By Linda Dahlstrom, health editor
What is it: Hula Chair; $129.95 at www.gadgetuniverse.com
What it claims to do: "Beautify" and build the body and "obese waist and belly." The manufacturer also says it will enhance circulation and, somehow, relieve hemorrhoids.
My experience: Promotional materials that come with the Hula Chair say that a "fat waist and belly are caused by the lack of sports and accumulation of fat on these parts." That is exactly my problem: No sports and fat on my waist have resulted in, well, a fat waist.
Part carnival ride, part hefty office furniture, the Hula Chair looks rather respectable. It's when you press the "on" button that things get weird. I've never been on a mechanical bull, but I suspect I'm in the ballpark of accurate comparison. On the lowest settings, the Hula Chair feels a little like being in a rowboat during a storm. On the highest, the chair bucked, thumped, crept across the room, threw me against its unpadded arms and generally beat me up. At no point did I feel like I was doing the hula.
But working your muscles isn't supposed to be comfortable, right? That's the point. No pain, no gain.
I'm just not sure a diaper rash is the right kind of pain. One of the days I tested the Hula Chair I wore a skirt with a rough texture. Add the friction of an hour's worth of gyrating movement on the chair's seat and a little sweat and the next morning I was digging through a cupboard for an old jug of baby powder. Clothing wasn't on the manufacturer's list of 27 "safety points for attention," but it did warn away those with "serious bleeding wounds," people with "equipment trapped inside" and "persons that need a rest cure" from using it. Also, stay off it when you're wet. Word to that.
Advertisements for the chair show people calmly working as they "hula." They seamlessly manage to file, type, talk on the phone – a great way to exercise at work, right? Except that I really couldn't work. I did manage to type while gyrating at the lower settings although I felt a little seasick after a while. As for the higher settings, I got tangled in the messenger bag near my leg, couldn't keep my hands steady enough to hold the phone, knocked papers off my desk and left a string of typos in my wake.
I wasn't the only one who had a hard time getting the job done. My colleague cover producer Josh Belzman tried leading the news meeting from the Hula Chair but could hardly read his notes. Also, he said, "I'm a short guy and like the 'command seating' position. The Hula chair has no height adjustment, which makes it tough to use in an office environment."
Another co-worker, who is very slender, tried out the chair and had to hang on with both hands to keep from flying out of it. "That's a little too much stimulation," she decided.
Still, even if none of us could actually work while riding the chair, it was more fun than heading to the gym.

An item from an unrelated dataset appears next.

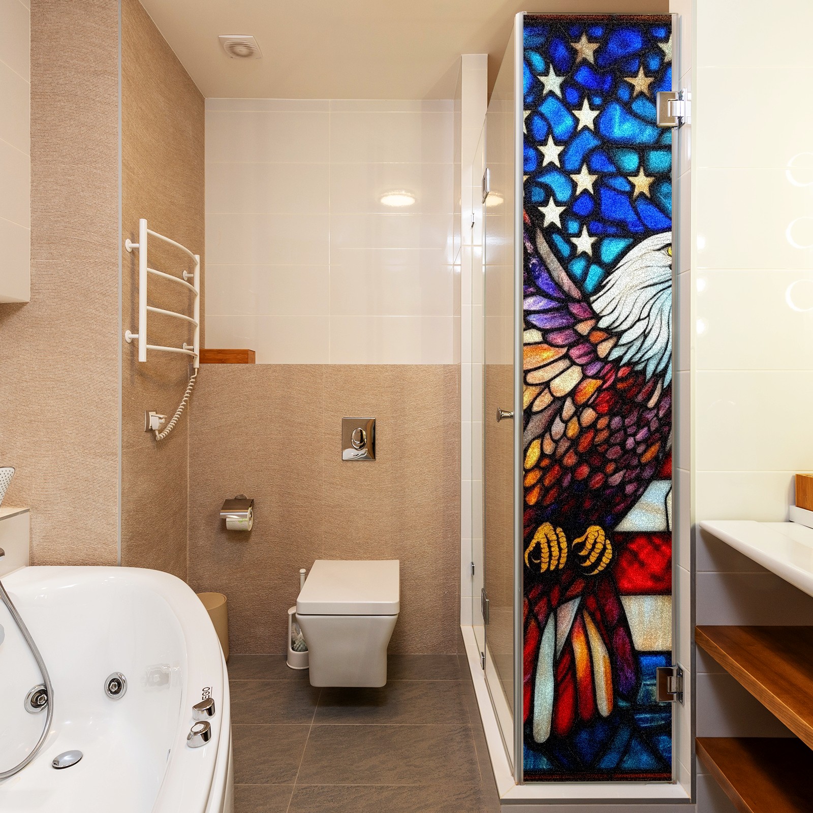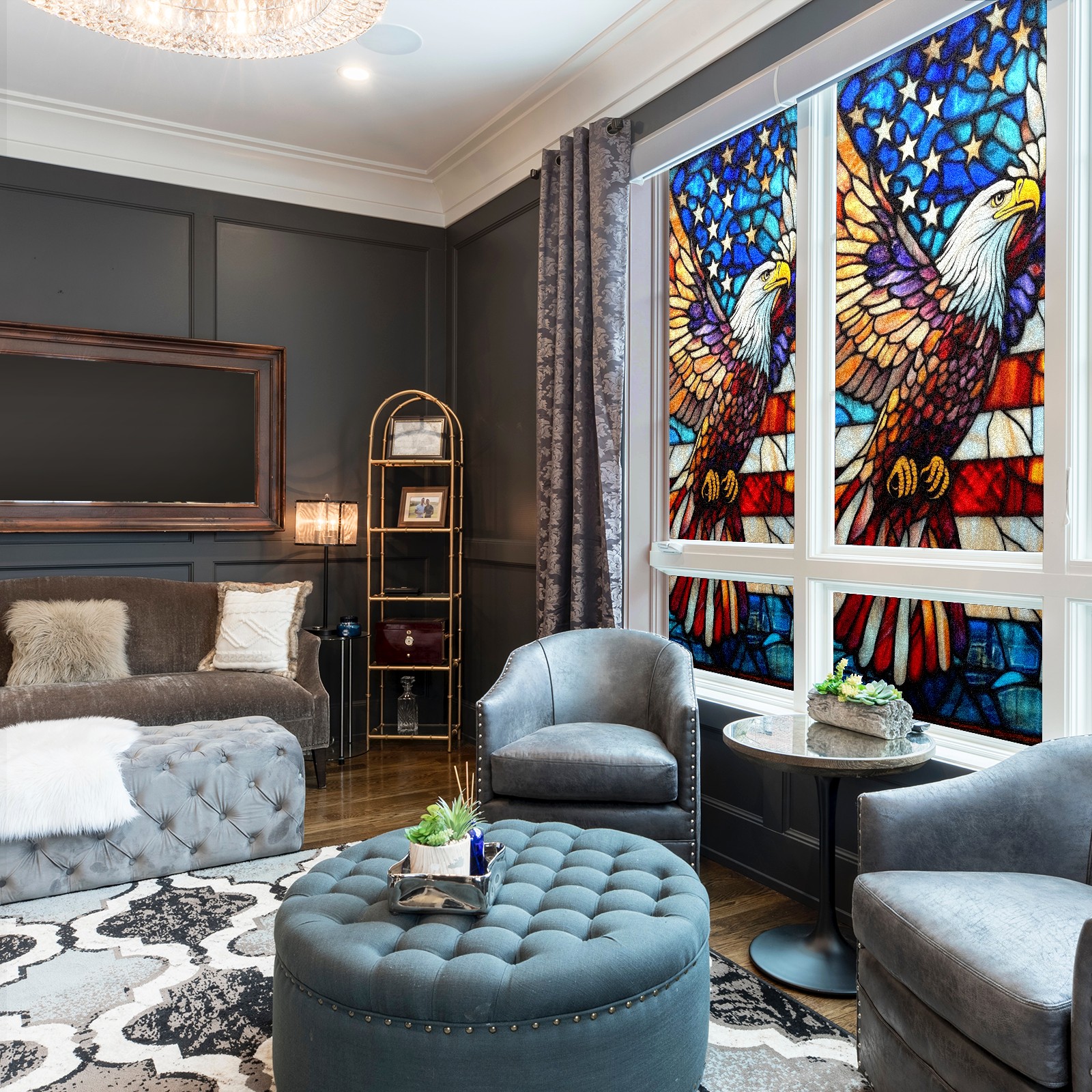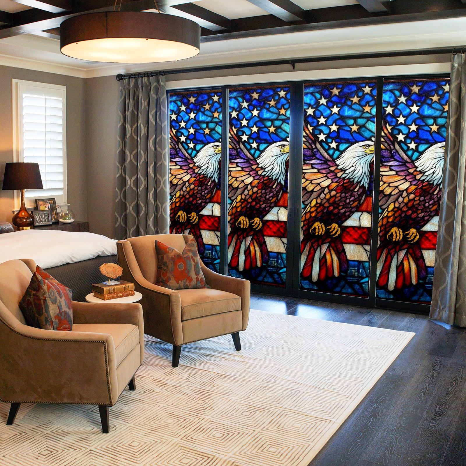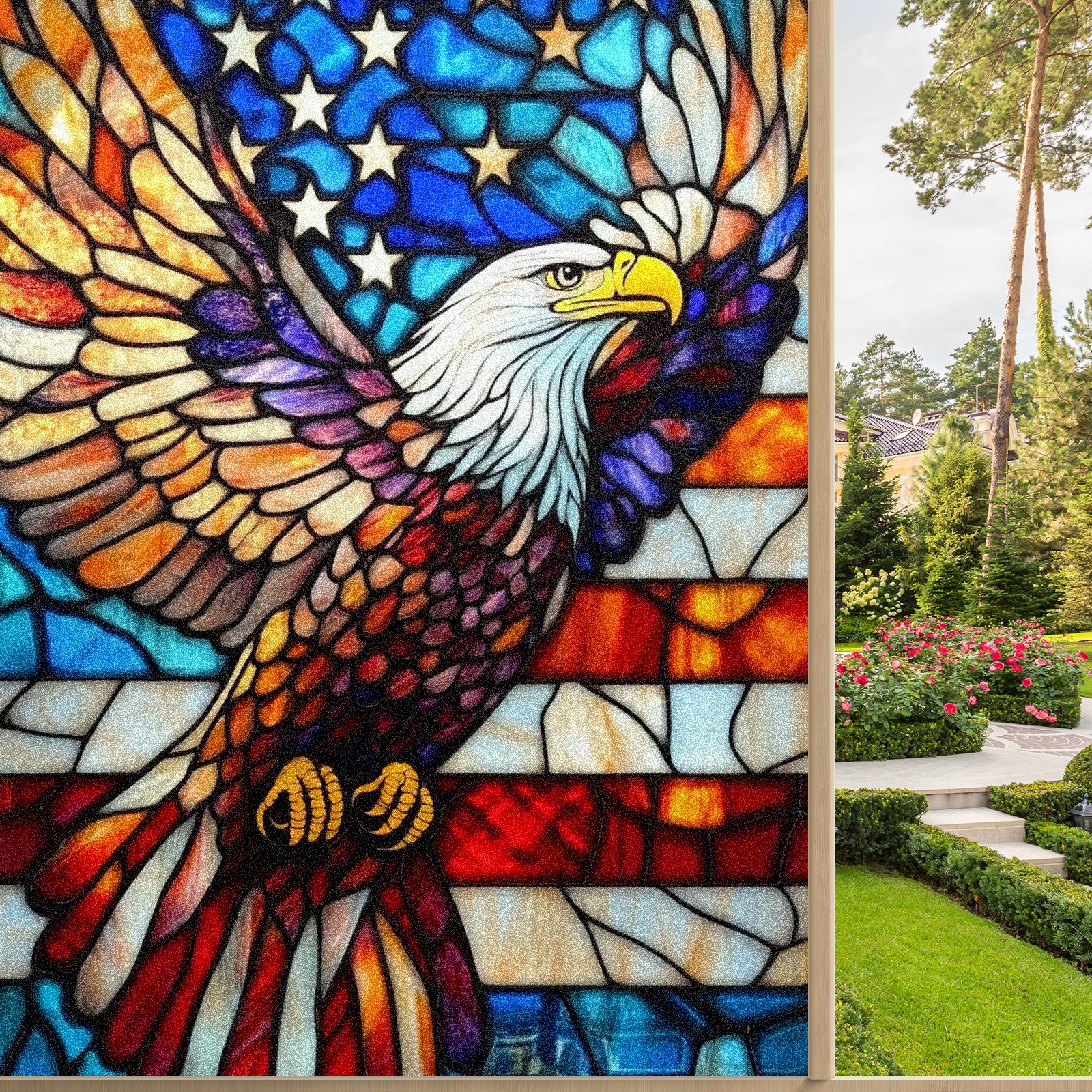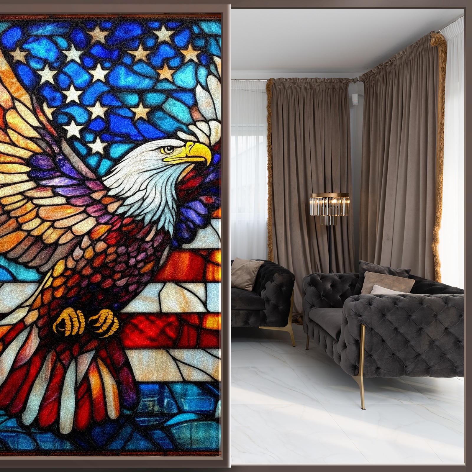 Stained Glass Window Film - Decorative Privacy Film for Windows, Peel and Stick Window Film for Bathroom/Office/Shower, Reusable and Easy to Cut 17.7"x23.6" (American Flag And Flying Eagle)

And surely with all the contortions I had to make to keep myself from being flung from the chair, I was getting a good workout, right? Right?
What the expert says: Msnbc.com fitness contributor Jay Blahnik can understand the appeal of the Hula Chair. "We're attracted to things that look like a ride. It's especially appealing to people who are out of shape and have a harder time moving," said the Laguna Beach, Calif.-based fitness trainer who has worked with celebrities including Jane Fonda.
But will it strengthen my abs and slim down my waist? "None of those things are going to happen," said Blahnik, author of "Full Body Flexibility." But the chair does do something. "It's passive exercise; the only effort is in reacting to what's happening," he said. Just as there's benefit to a physical therapist moving a paralyzed person's legs to help the circulation, the Hula Chair causes your body to react to being whirled around. "At the lowest level there is going to be a reaction in your abs, it's just that the claims are completely elevated."
Blahnik says that simply standing at your desk and doing hip circles or reaching over your head and bending side to side will have the same effect. "With the Hula Chair, you're moving the spine in the same [way], but it's not exercising."
Bottom line: The Hula Chair provides hilarity, excitement, suspense and an element of danger. What it doesn't offer is actual exercise.